Kardinal wrote:
If we combine Dean's concern over "faith through hearing" with Father Sotelo's assertion that is is crucial that the presider preach and interpret the message as well as offer the sacrifice (which I don't understand because it is sometimes done by three different men; perhaps because each acts in persona Christi?) in imitation of Christ who did all three, it seems we are just stuck with bad preachers. The alternative, permitting lay people to preach in Mass, is not an option because of this abstract unity which, while I understand it in theory, I frankly don't see as compelling in the face of reality.
Probably another area in which I am deficient.
I wouldn't say deficient, because it's an interesting question that brought me out of my personal rule of "don't get into it." And I'm thinking my way through this, so a month from now, I may have a completely different take.
If each of those priests/deacons is ordained, than each can act
in persona Christi (insofar as it's something he has faculties to do), can't he? So it's really just Our Lord using each of the three people insofar as their skills and abilities are able, yes? Yet I think this is another sort of question that leads Fr. Z to say that concelebration should be safe, legal, and
extremely rare. People get confused, and it sounds like, from what you're saying, one of those things that the head understands but it still feels weird?

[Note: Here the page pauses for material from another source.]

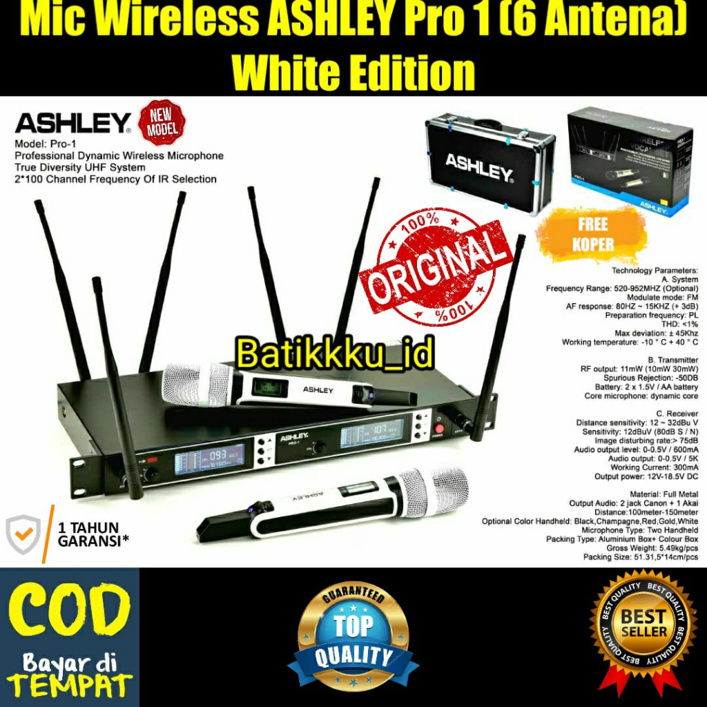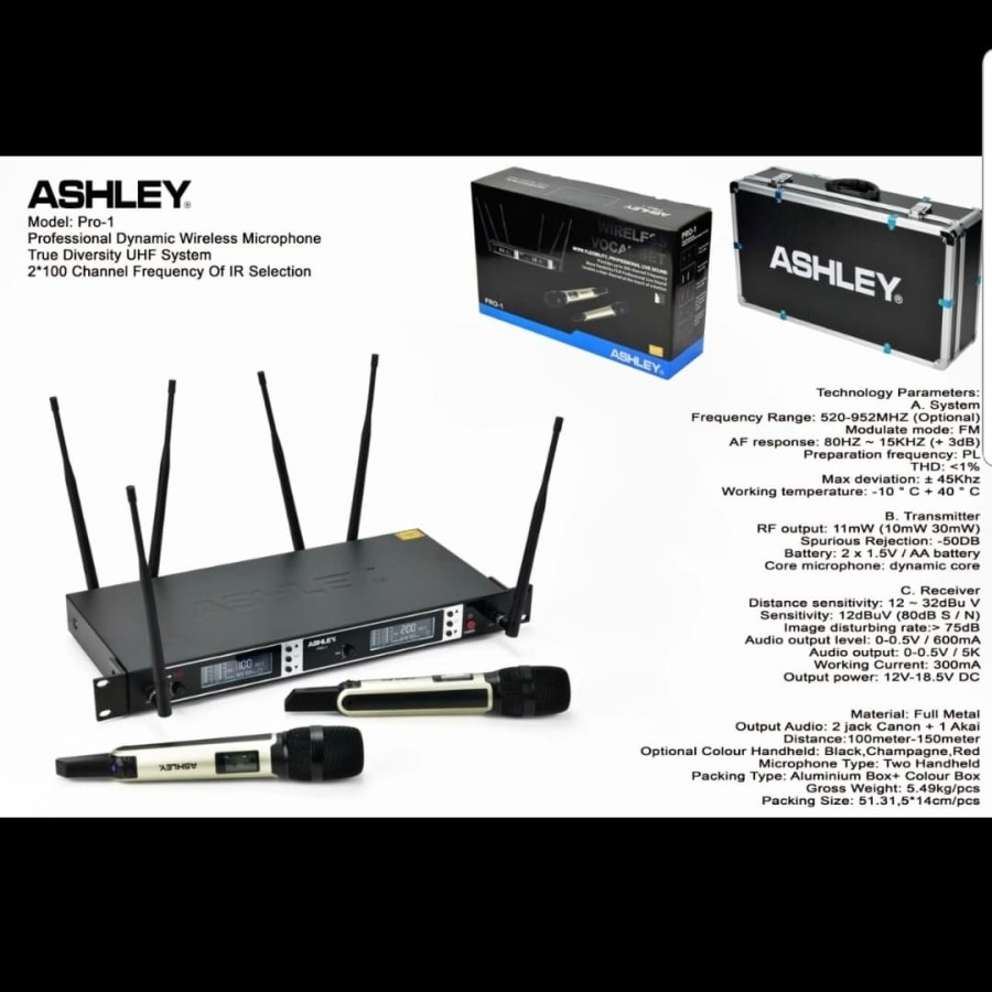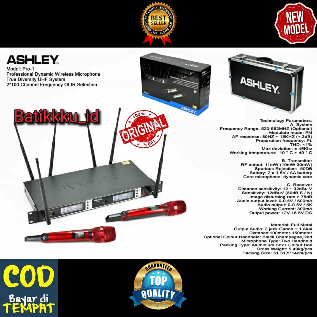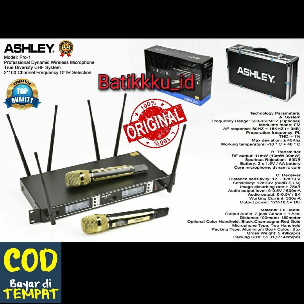 MIC WIRELESS ASHLEY PRO 1 PRO1 ORIGINAL FREE KOPER MIC HANDHELD

As I've understood things while growing up Catholic, and then growing my Catholic Faith as an adult over the past ten to fifteen years, Mass is not intended to be Wal-Mart. The ends of Mass are worship, adoration, expiation, and petition, according to what I've been taught. I'm really thinking my way through this, because somehow the Liturgy of the Word must fit into that in a way that's different from what I've previously understood. I was raised Catholic, but spent a fair amount of my teen and college years hanging out in evangelical protestant environments, and I think my understanding is colored by that. Whereas my protestant friends would consider the preaching to be the main focus of their Sunday service, I'm starting to suspect that the Homily is the little part even of the Liturgy of the Word. Simply
listening to the Word of God (which is Our Lord Jesus, after all) and
receiving it, even if I don't understand it, seems to be what's called for.
We very well may need other things (like Scott Hahn) to help us grow in the Faith if we wish to have a broader understanding. We may need catechesis classes and that sort of thing. Our parish has two "discussion groups" (cough-adult-catechesis-cough) that meet while the kids are in CCD. We've only had that for a couple of years, and I don't get to go because I teach the kids, but I've been hearing really good things. The Spanish one is facilitated by a Spanish professor at a local University, and the English one is being facilitated by a couple who usually teach CCD to older kids but are taking this year off from that.